How Are Drill Rig Companies Are Responding to the COVID-19 Pandemic?

drill rig companiesMuch like other industries, drill rig companies are not immune from the fallout of the COVID-19 pandemic. With respect to a report made by Reuters, the industry response to the drastic slump of energy prices and plummeting demand for oil and natural gas includes rolling out intermittent health checks for critical staff to help in ensuring that oil rigs, refineries, pipelines, and many other similar vital infrastructure will have sustained manpower to run and operate.   

Alongside this, major players in the industry, particularly those that are involved in oil and natural gas production are putting pressure on people in power and authority to suspend or waive for the time being a few regulations that are obviously creating an adverse impact to the industry as a whole. This would include those regulations that concern environmental safety and the workplace.   

Drill Rig Companies: What are the Repercussions of the Pandemic to Oil and Gas Industry? 
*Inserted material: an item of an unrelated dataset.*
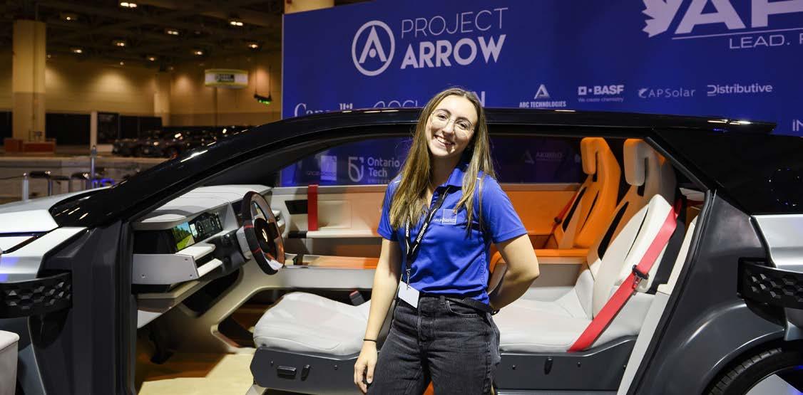 Known as Project Arrow, the mission was to build Canada’s first zero-emission concept electric vehicle. Project Arrow progressed from initial supplier meetings all the way to part design, fabrication, and full build on-site in the ACE Climactic Wind Tunnel at Ontario Tech University. Whereas today’s cars are typically built on assembly lines, every design and fabrication detail of the Arrow, from the decision on type and placement for every bolt, to the full installation and build, was completed on campus by a team of experts and future talent from the University’s engineering programs.
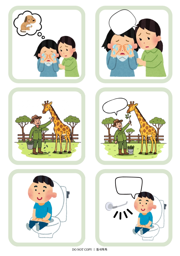 일상에서 자주 겪는 다양한 상황을 그림으로 제시하고, 아이 스스로 상황을 이해하고 말로 표현할 수 있도록 돕는 언어 학습 교재입니다.학습 목표 상황 이해 및 설명하기 적절한 말하기 (화용언어) 원인-결과 추론 능력 향상 사회적 의사소통 능력 강화 본 자료는 파일 용량 제한으로 인해 PART 1 / PART 2 / PART 3으로 나누어 제공됩니다. 각 파트는 서로 다른 상황 구성으로 이루어져 있으며, 함께 활용하실 때 학습 효과가 더욱 높아집니다.

As of this writing, over 200, 000 unlucky souls have become infected by the new novel coronavirus, which at the moment is continuously wreaking havoc of unimaginable proportions around the globe. In the U.S. alone, there are over 6,000 confirmed cases of infection where it has now touched all 50 states. 

 

On a worldwide scale, the virus is to blame for more than 8,720 deaths. With this, oil refineries and drill rig companies will not be able to operate if there is no manpower to deploy on onsite teams. Since they are usually put in close quarters, it further increases the risk for a localized outbreak of COVID-19.

In the Marathon oil refinery, which has its base in California, only a single confirmed case of coronavirus was reported. This has prompted the company to have potentially exposed workers to be offsite.  

While it is a relief to know that as of this moment not a single energy facility in the country was forced to shut due to the pandemic, the vast majority of these drilling rig firms are putting on their respective contingency plans, just in case. For instance, Royal Dutch Shell requested their Louisiana refineries salaried staff to start shadowing hourly plant operators to anticipate learning fast how to run units, just in case they will need to.  

Meanwhile, Exxon management would only let highly trained and skilled operators gain access to control rooms at its Houston, Texas, Baytown plant, instructing them also to maintain social distancing at 6 feet away from each other.

There are also a handful of oil drill rig companies that are taking into account delegating small crews to help out in keeping their refinery plants running even when there is an ongoing outbreak. Those workers are not supposed to have their exit from the affected facility but only after the lapse of the outbreak.  

Energy Drill Rig Companies Are Demanding Regulatory Waivers and the Suspension of the Jones Act

 

Even when shale drillers suffered a big blow from declining prices of energy, these companies are adamant in saying that government bailout is not exactly what they want to have at the moment. What they are seeking instead is an effort to push for the suspension of the Jones Act as a way to help in alleviating shipping costs related to processing and bringing their product offerings to the public for consumption.